#### BRIEF
Take the entries below and print only the lines from the one with "These clear square" through the one with "Read moreBeen here", exactly as they stand, both ends included.

#### MATERIAL PROVIDED
Segment Open
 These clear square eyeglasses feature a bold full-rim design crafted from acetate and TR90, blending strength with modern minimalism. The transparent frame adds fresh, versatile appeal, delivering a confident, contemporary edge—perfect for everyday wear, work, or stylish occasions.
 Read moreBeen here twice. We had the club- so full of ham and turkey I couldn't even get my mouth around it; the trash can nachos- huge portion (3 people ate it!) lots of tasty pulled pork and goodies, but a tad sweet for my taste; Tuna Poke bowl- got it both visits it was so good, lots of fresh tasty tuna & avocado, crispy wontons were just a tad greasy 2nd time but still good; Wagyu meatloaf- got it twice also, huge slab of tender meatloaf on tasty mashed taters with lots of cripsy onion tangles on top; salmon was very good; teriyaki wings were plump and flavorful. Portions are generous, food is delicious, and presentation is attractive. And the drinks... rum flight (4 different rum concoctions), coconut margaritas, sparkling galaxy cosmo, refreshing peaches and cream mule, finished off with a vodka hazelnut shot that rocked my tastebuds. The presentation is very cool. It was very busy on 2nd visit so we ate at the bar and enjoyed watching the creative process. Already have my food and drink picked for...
Segment Closed
Segment Open
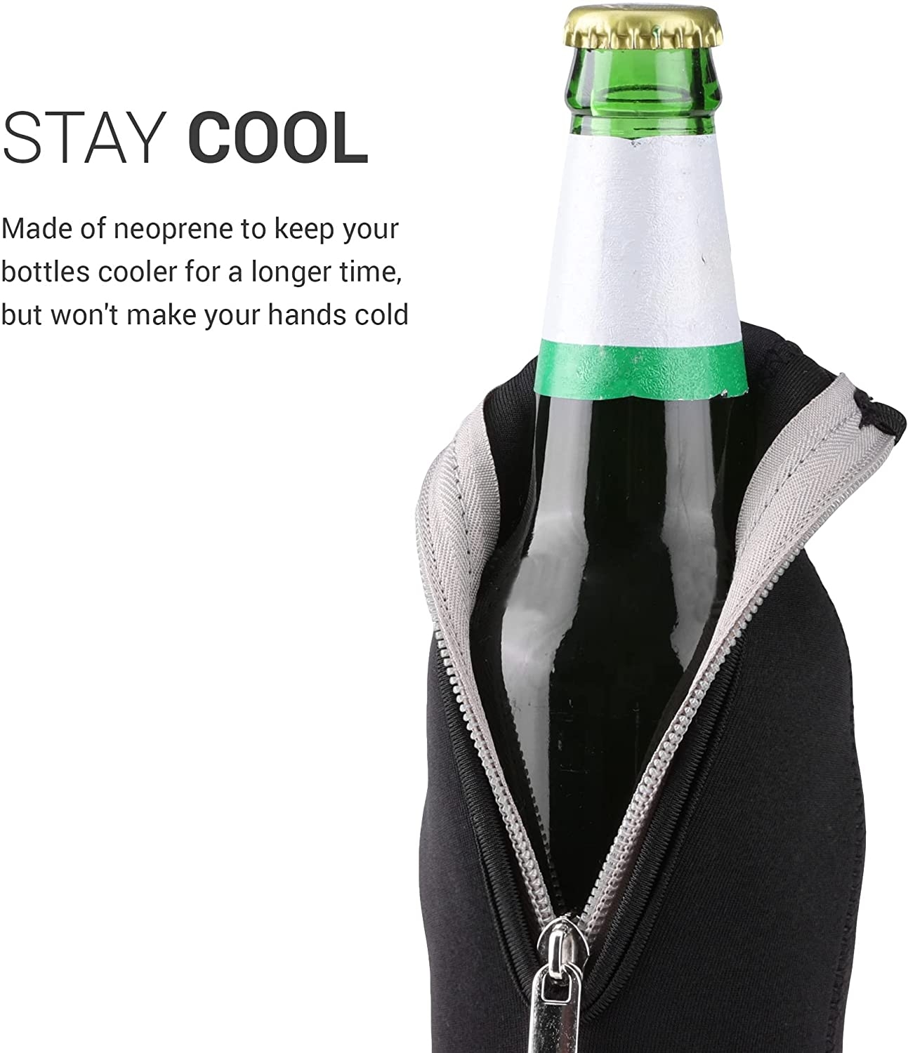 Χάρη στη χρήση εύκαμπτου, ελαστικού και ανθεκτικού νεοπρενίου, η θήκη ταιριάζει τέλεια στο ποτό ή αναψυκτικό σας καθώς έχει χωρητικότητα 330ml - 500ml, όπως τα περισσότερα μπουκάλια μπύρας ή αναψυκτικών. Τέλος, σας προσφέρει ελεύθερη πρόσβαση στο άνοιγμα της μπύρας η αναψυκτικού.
Segment Closed
#### RESPONSE TO THE EXERCISE
 These clear square eyeglasses feature a bold full-rim design crafted from acetate and TR90, blending strength with modern minimalism. The transparent frame adds fresh, versatile appeal, delivering a confident, contemporary edge—perfect for everyday wear, work, or stylish occasions.
 Read moreBeen here twice. We had the club- so full of ham and turkey I couldn't even get my mouth around it; the trash can nachos- huge portion (3 people ate it!) lots of tasty pulled pork and goodies, but a tad sweet for my taste; Tuna Poke bowl- got it both visits it was so good, lots of fresh tasty tuna & avocado, crispy wontons were just a tad greasy 2nd time but still good; Wagyu meatloaf- got it twice also, huge slab of tender meatloaf on tasty mashed taters with lots of cripsy onion tangles on top; salmon was very good; teriyaki wings were plump and flavorful. Portions are generous, food is delicious, and presentation is attractive. And the drinks... rum flight (4 different rum concoctions), coconut margaritas, sparkling galaxy cosmo, refreshing peaches and cream mule, finished off with a vodka hazelnut shot that rocked my tastebuds. The presentation is very cool. It was very busy on 2nd visit so we ate at the bar and enjoyed watching the creative process. Already have my food and drink picked for...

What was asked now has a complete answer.